Required action -
Return exactly the lines from the one containing "สุราษฎร์ธานี 4 มี.ค.- คุมเข้มโควิด-19" through the end of the material below, and leave the images out.
====================
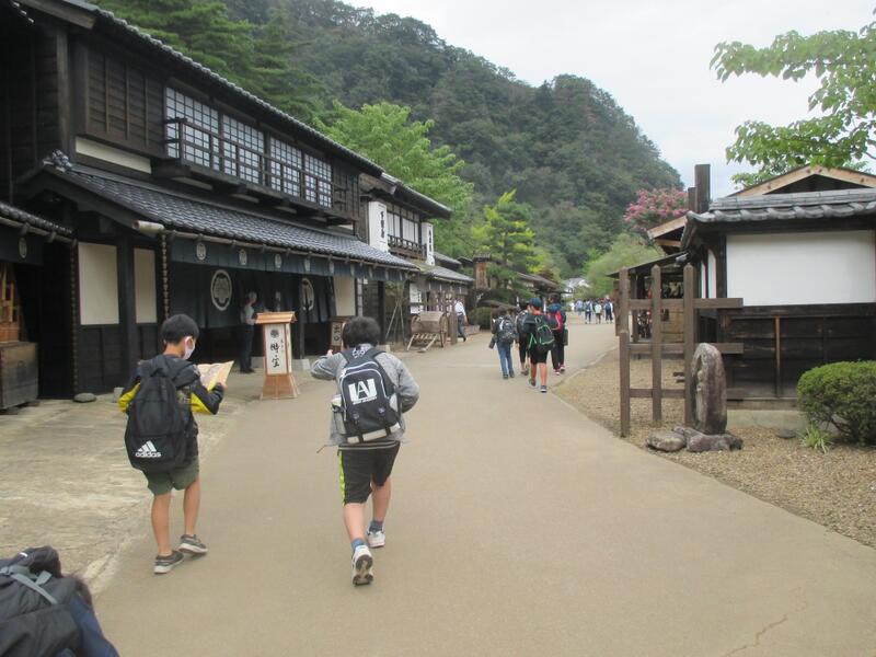 江戸村では,グループごとに楽しそうに歩いていました。江戸時代の生活がわかりやすく展示されており,家並みや道具等も本物そっくりに再現されています。これをよい機会に歴史の学習に興味を持ってくれたらよいと思いました。食べ物で人気だったのは,花見団子です。楽しくおいしい思い出ができました。
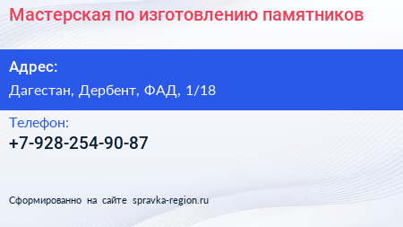 Мастерская по изготовлению памятников по адресу Дагестан, Дербент, ФАД, 1/18 в дальнейшем Организация, размещена в следующих категориях:
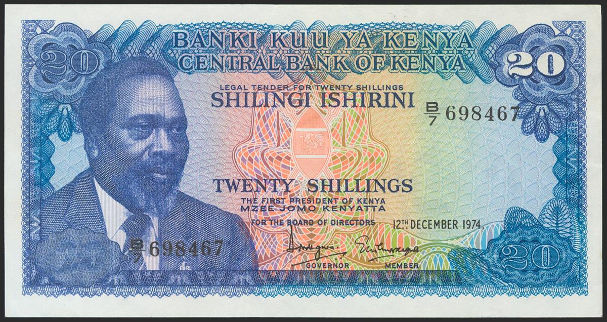 KENYA. 20 Shillings. 1974. (Pick: 13a). Better than Extremely Fine.
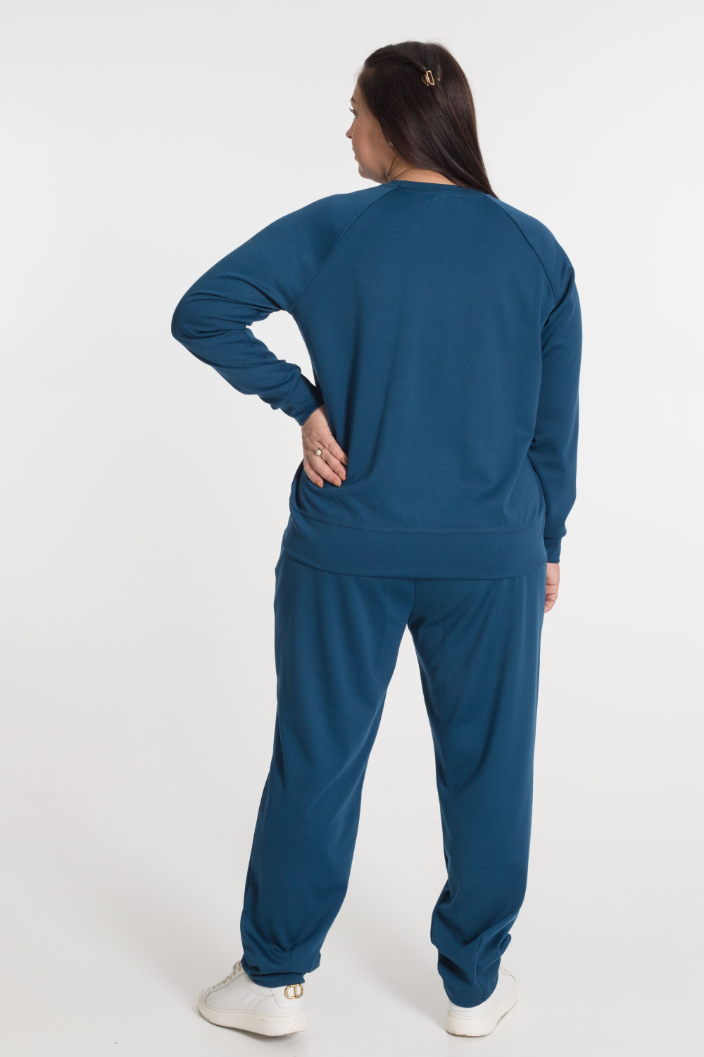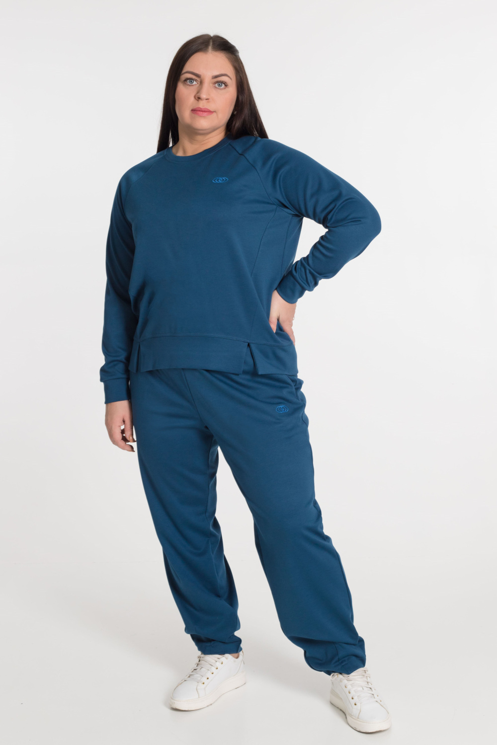 Брюки - свободные вверху и зауженные  к низу, боковые карманы, притачной пояс.
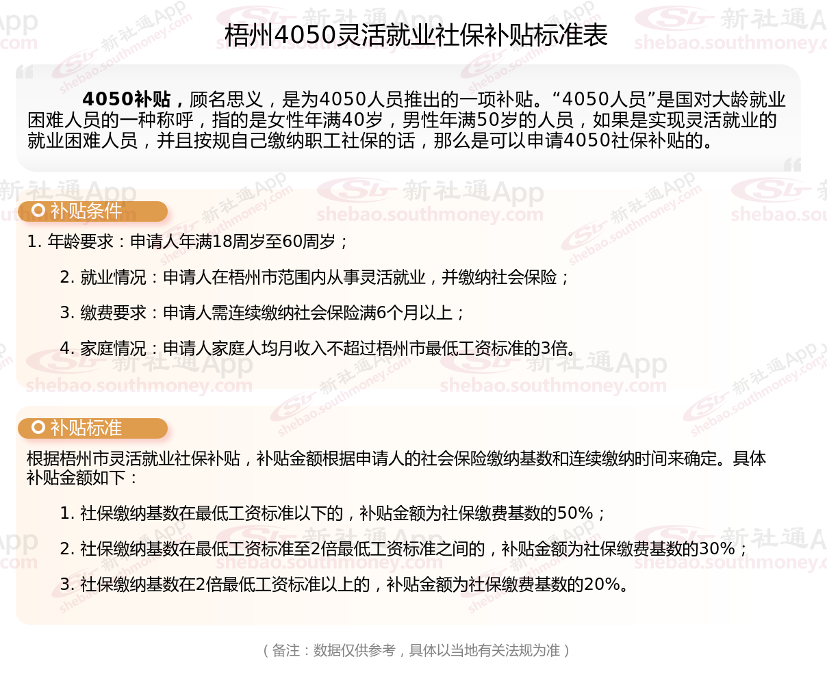 一、梧州灵活就业人员4050补贴最新标准2025年,梧州4050灵活就业人员养老补贴一年可以有多少钱?
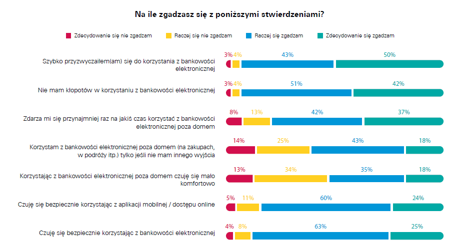 Co jednak najważniejsze – powszechne jest poczucie bezpieczeństwa podczas korzystania z bankowości elektronicznej (88% wskazań). Polacy coraz bardziej akceptują również mobilne rozwiązania oferowane przez banki – 79% respondentów potwierdziło, że korzystało już z bankowości elektronicznej poza domem. Pomimo że polscy konsumenci w coraz większym stopniu przenoszą się do kanału mobilnego, to jednak aż ponad połowa respondentów przyznaje, że nadal czuje się mało komfortowo, korzystając z bankowości elektronicznej poza domem. Chodzi przede wszystkim o dostęp do pieniędzy w tzw. sytuacjach awaryjnych, ale również podczas wakacji – kiedy przykładowo nie kontrolujemy informacji o tym, że bank planuje przerwę techniczną.
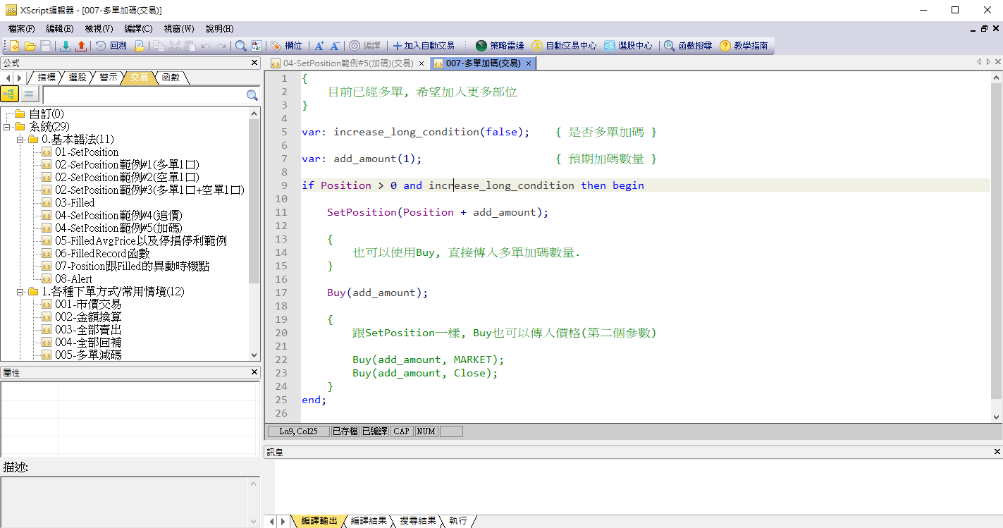 如果目前的Position是0的話,買進1張,委託價格使用策略預設的買賣價格。執行之後Position會變成1。   範例#2
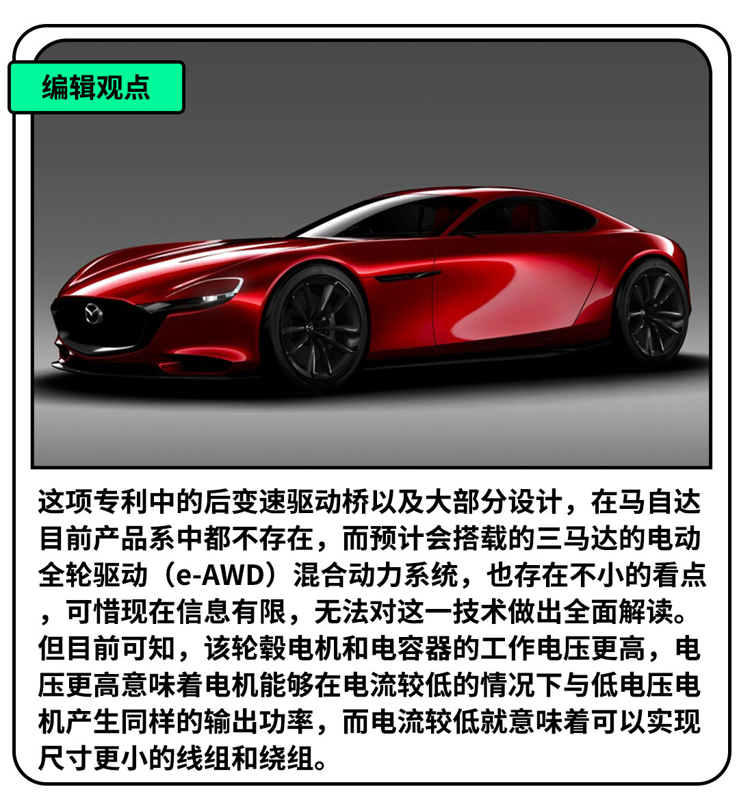 具外媒报道,在马自达的一份专利申请文件中提到,他们正在考虑推出利用电容器驱动的轮毂电机,并搭载在一款全新前置后驱车型身上,整套动力由发动机、电机、两个轮毂电机以及一个小型锂离子电池组成。这种混合动力装置可能专为马自达计划推出的RX-9轿跑设计。
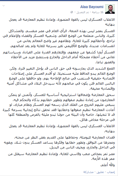 أكد الباحث السياسي، علاء بيومي، أن الإنقلاب العسكري ليس بالقوة المتصورة، وأن إعادة تنظيم المعارضة قد يعجل بنهايته، مضيفًا أن مصر تمر بمخاض صعب وقاسي للغاية، وإعادة تنظيم المعارضة سيقلل من عمر هذه الأزمة.
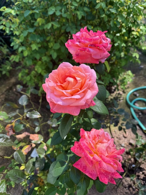 My roses are happy. The rain, followed by the burning and bleaching California sun, is heaven for a rose. I am getting bloom after bloom.
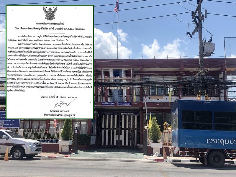 สุราษฎร์ธานี 4 มี.ค.- คุมเข้มโควิด-19 เรือนจำกลางสุราษฎร์ฯ ห่วงความปลอดภัยทั้งผู้ต้องขังและญาติ ประกาศเลื่อนวันเยี่ยมญาติ 16-20 มี.ค.นี้ ออกไปไม่มีกำหนด
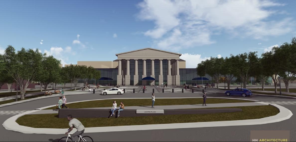 Lichtin Plaza, located in front of the Martin Marietta Center for the Performing Arts, is undergoing a transformation. Planned improvements include a dedicated drop off lane, new wheelchair accessible ramps, expanded greenspace, and flexible public space designed to support events, circulation, and everyday use.
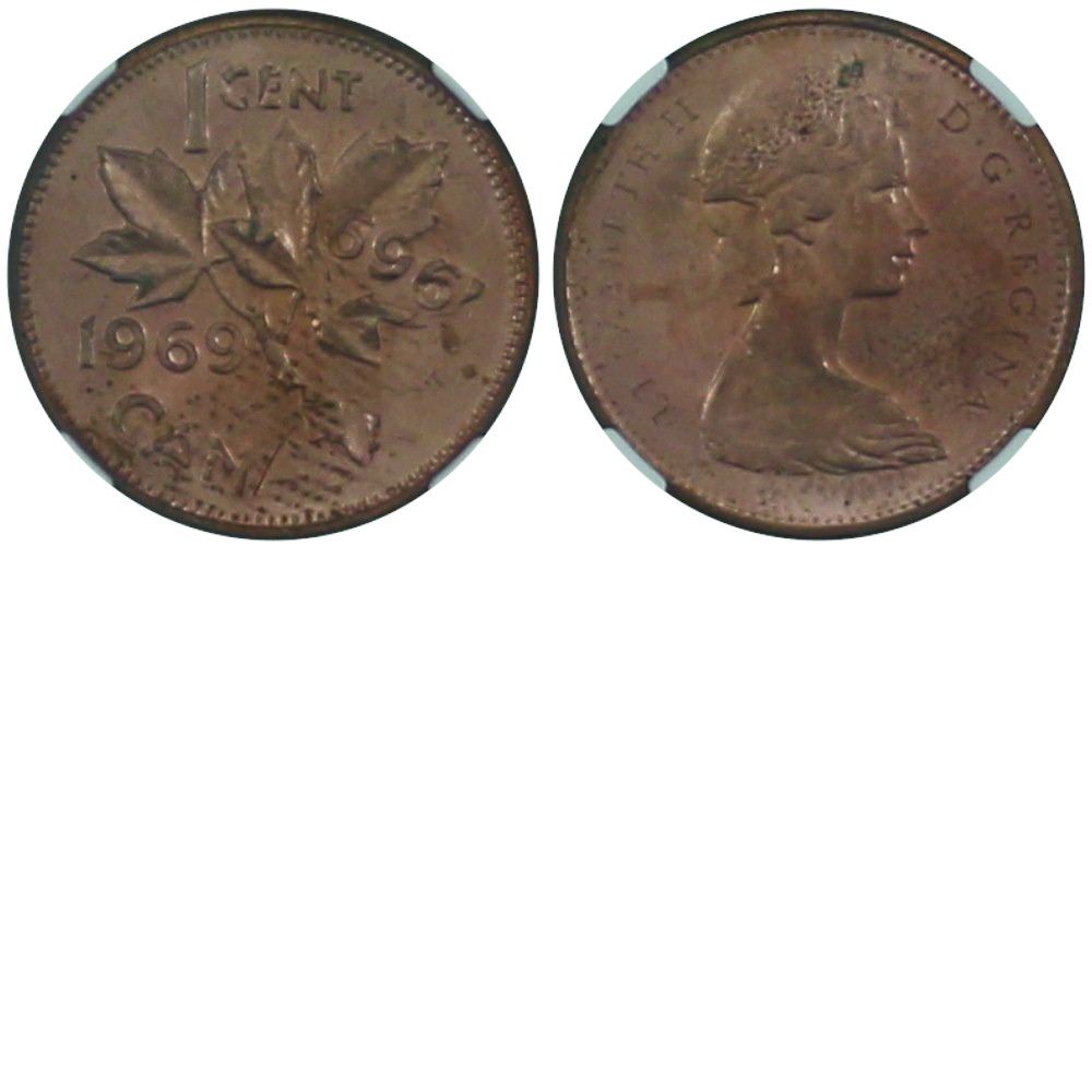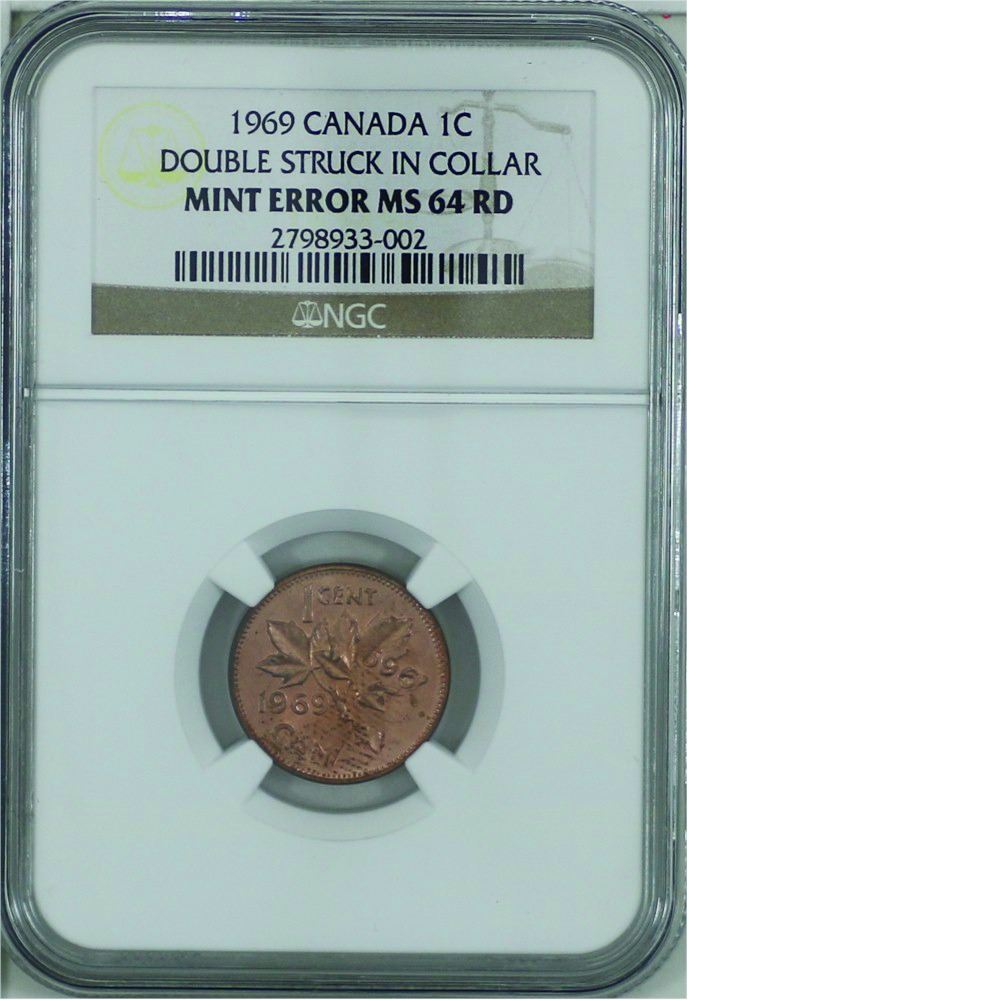 Error 1969 Canada 1-cent Double Struck in Collar NGC Certified MS-64 RB. An impressive reverse features the date struck in 2 locations.
====================
Solution -
 สุราษฎร์ธานี 4 มี.ค.- คุมเข้มโควิด-19 เรือนจำกลางสุราษฎร์ฯ ห่วงความปลอดภัยทั้งผู้ต้องขังและญาติ ประกาศเลื่อนวันเยี่ยมญาติ 16-20 มี.ค.นี้ ออกไปไม่มีกำหนด
 Lichtin Plaza, located in front of the Martin Marietta Center for the Performing Arts, is undergoing a transformation. Planned improvements include a dedicated drop off lane, new wheelchair accessible ramps, expanded greenspace, and flexible public space designed to support events, circulation, and everyday use.
 Error 1969 Canada 1-cent Double Struck in Collar NGC Certified MS-64 RB. An impressive reverse features the date struck in 2 locations.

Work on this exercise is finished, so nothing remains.